Multinational Monitor

JUL/AUG 2005
VOL 26 No. 7

FEATURES:

Merger Mania and Its Disontents: The Price of Corporate Consolidation
by James Brock

Indigenous People's Power: Global Mobilization Scores Dramatic Gains - With Many Challenges Ahead
by Marcus Colchester

Crisis of Credibility: the Declining Power of the International Monetary Fund
by Walden Bello and Shalmali Guttal

Programmed to Fail: The World Bank Clings to a Bankrupt Development Model
by Walden Bello and Shalmali Guttal

Heartache and Hope in Africa: The Failures of Market
Fundamentalism and Hope for an Alternative
by Soren Ambrose and Njoki Njoroge Njehu

Victories! Justice! The People's Triumphs Over Corporate Power
by Robert Weissman

INTERVIEWS:

Offshore: Tax Havens, Secrecy, Financial Manipulation, and the Offshore Economy
An Interview with William Brittain-Catlin

DEPARTMENTS:

Letter to the Editor

Behind the Lines

Editorial
The Global Justice Movement

The Front
Bolivia Insurrection -
ICSID Bleeds Argentina

The Lawrence Summers Memorial Award

Names In the News

Resources

Indigenous People's Power: Global Mobilization Scores Dramatic Gains - With Many Challenges Ahead

Pak Nazarius looked old but determined in the flickering torch light. Hunkered down against the wall of a Dayak longhouse in the Upper Mahakam river of east Kalimantan in the heart of Indonesian Borneo, he was explaining his ideas to a community workshop.
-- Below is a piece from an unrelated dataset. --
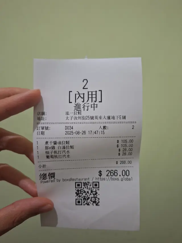 店鋪6點正開,座位不算多,大約10人左右,環境整齊舒服。種類有湯麵及撈麵,沒有麵底自選。下單之後,大約5分鐘就上菜。
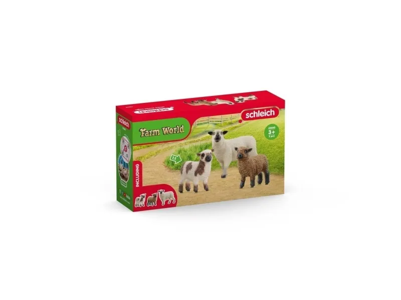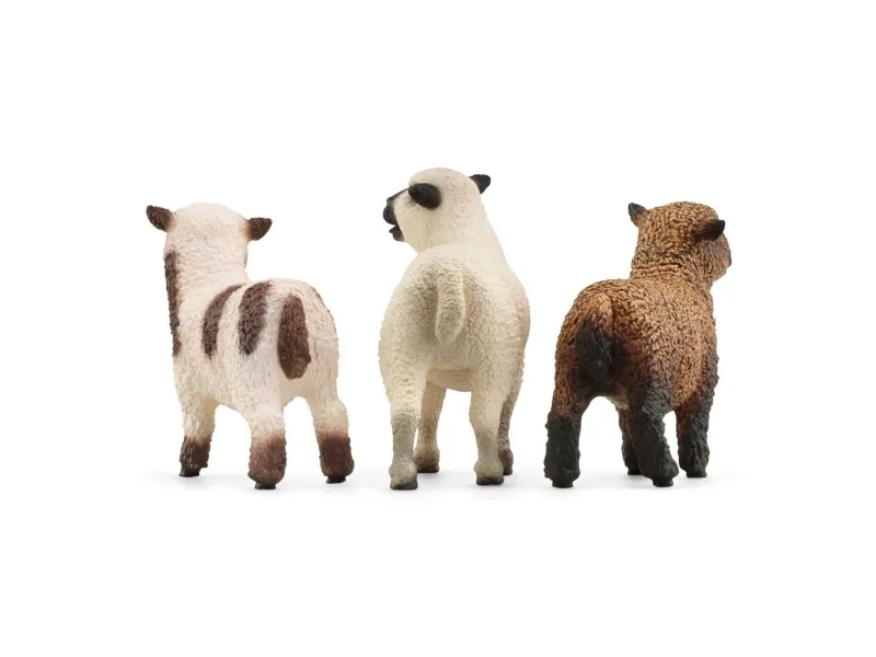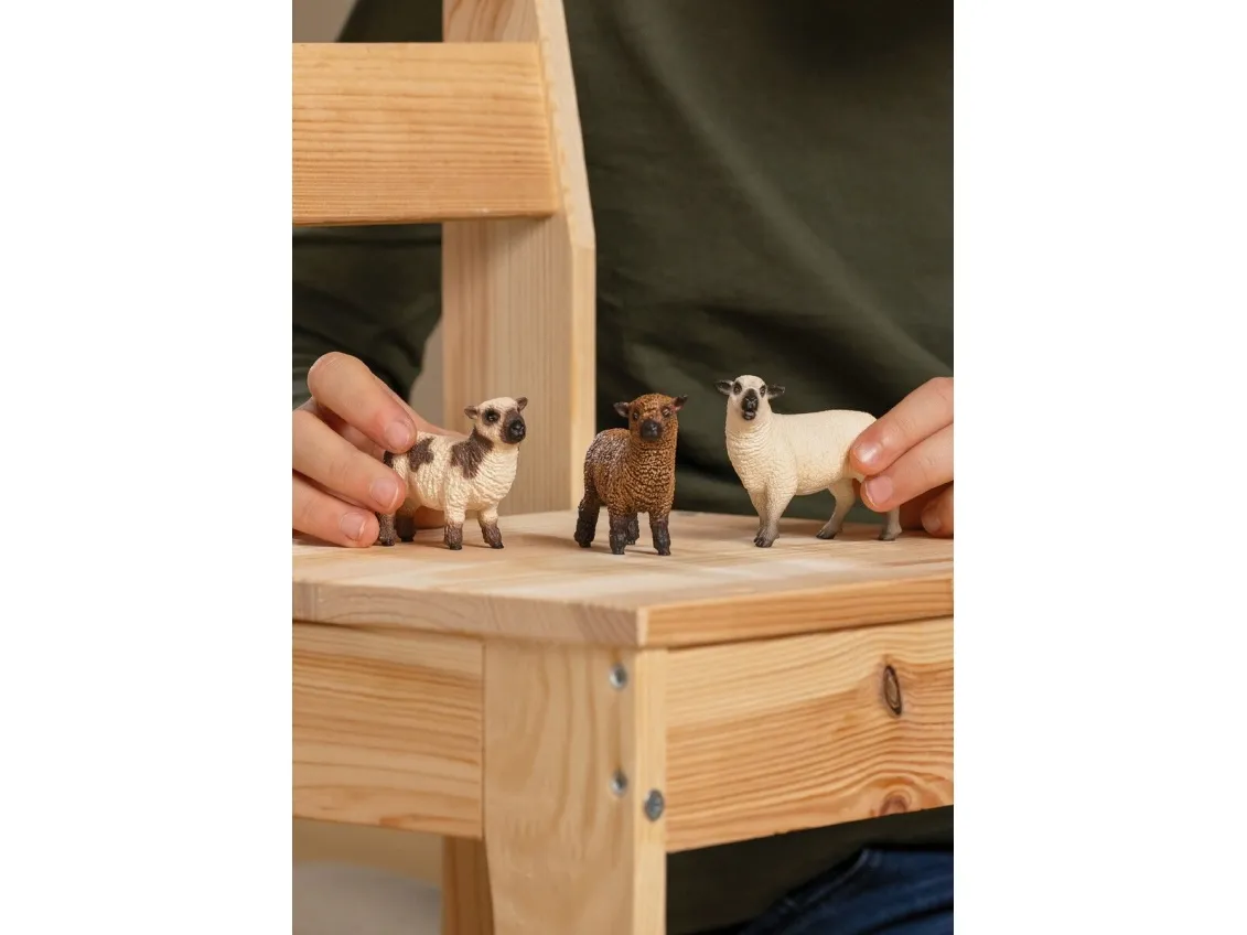 Man måste bara älska det här ulliga gänget! De tre fluffiga fåren kastar en nyfiken blick för att se vem som närmar sig hagen. Men de är lite blyga. Det bruna och det brun- och vitfläckiga southdown babydollfåret smyger intill det tredje fåret i gruppen – det vita hampshirefåret med sin svarta mule. Jag undrar om det är modigare än de andra? De tre ulliga fårvännerna känner sig definitivt modigare tillsammans än om de vore ensamma. Och de har rätt: Livet är bättre med vänner!

“In my community, our understanding is that we have rights to our land and the natural resources both above and below the land,” he explained. “Everything up to sky belongs to us. Several laws and policies have classified our forests as State forests and the minerals as property of the State. We don’t see it like that. I have hair on my arm, on my skin. Both are mine. I also own the flesh and bones beneath. They are also mine. No one has the right to take me apart. But the policy has cut these things apart and thus has cut us into pieces. We want the land back whole.”

The community, whose lands had been taken over by a plantation company, was exploring how to regain control of what they saw as rightfully theirs, but which the national government had handed out to an Indonesian multinational corporation, Lonsum. The discussion is just one example of a worldwide movement of indigenous peoples seeking to reclaim their rights to ancestral lands and jurisdictions.

Facilitated by international communications, networks and supportive nongovernmental organizations (NGOs), indigenous peoples in Central Siberia, the Amazon Basin, the Congo, British Colombia and the Pacific can now learn about each other’s gains and setbacks within hours or days. What started out as a plethora of local movements for justice by peoples dispossessed by colonialism, national development and corporate penetration, has now developed into a global movement for the recognition and restitution of collective rights.

Considering the continuing wave of expropriations and denial of rights associated with the inexorable spread into indigenous peoples’ lands of dams, mines, logging, plantations, colonization schemes and agribusiness, it is easy to overlook how much progress indigenous peoples have made over the last 40 years. Yet, in the 1960s it took several years before the world learned of the machine-gunning of Amazonian Indians by land grabbers acting in connivance with the inaptly named Indian Protection Service in Brazil. The prevailing wisdom of the time was still that these “backwards” peoples were doomed to extinction, hangovers of a previous age that must inevitably give way to progress.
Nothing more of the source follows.